- Born: 26 January 1899 Bagalpur, Cuttack District (Now Jagatshingpur), British India
- Died: 19 February 1972 Cuttack, Odisha
- Other names: Gouri Bhai

= Gouranga Charan Das =

Gouranga Charan Das (1899–1972) was a Gandhian freedom fighter, and leader of the socialist Kissan Movement and Gadajat Praja Andolon in Odisha. He was a renowned personality in British India.

== Biography ==
Gouranga Charan Das was born in Bagalpur in the then-district of Cuttack (now Jagatshingpur district) in British India on January 26, 1899. He was physically handicapped from birth, with his right hand critically crippled. In his early youth, he was inspired by Mahatma Gandhi's call and joined the Freedom Movement. He was jailed many times for his participation in the freedom struggle.

Das began his first imprisonment on April 13, 1930, by leading the salt movement at Inchudi. He was incarcerated for more than six years by the British authorities for participating in the Salt Movement, the Individual Satyagraha, and the Quit India Movement. During the Quit India Movement, eighteen freedom fighters from his village, Bagalpur, were imprisoned, and thousands joined the struggle under his leadership. He was also deeply involved with the Charkha movement.
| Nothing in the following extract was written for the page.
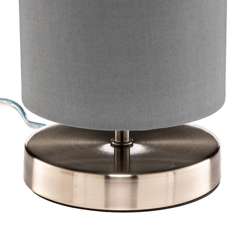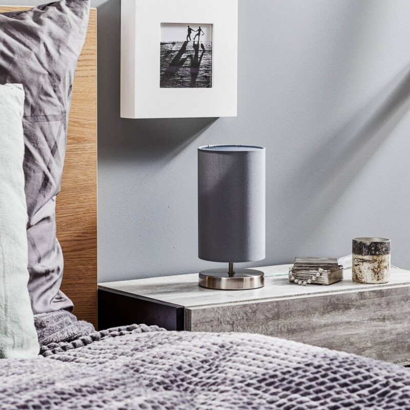 Štýlové a decentné: stolové svietidlo Clarie v sivej farbe Stolové svietidlo Clarie je moderné a decentné, pričom je vďaka svojmu jednoduchému tvaru v kombinácii so sivou farbou perfektným zdrojom svetla na každom stole. K tomu sa ešte pridáva textilné tienidlo, ktoré svetlo krásne rozptyľuje do miestnosti. Noha vyzerá, akoby bola vyrobená z ťažkého kovu, vďaka čomu pôsobí veľmi stabilne a stolovému svietidlu Clarie súčasne dodáva solídny vzhľad.

Das was a key organizer of the Congress Socialist Party alongside Nabakrushna Choudhuri and Bhagabati Charan Panigrahi. He made significant strides in social reform by persuading the aristocratic Karans of his village to permit Harijans to enter the famous Dadhibamanjew temple.

Das was elected uncontested to the Orissa Assembly in 1946 and served as Chairman of the Cuttack Zilla Parishad from 1961 to 1967. Known for his simplicity and decisiveness, he died on February 19, 1972. His only son, Shashi Bhusan Das, also participated in the freedom movement and was imprisoned by the British. Both father and son dedicated their lives to the cause of India's independence, becoming formidable forces against the British and local oppressors allied with them.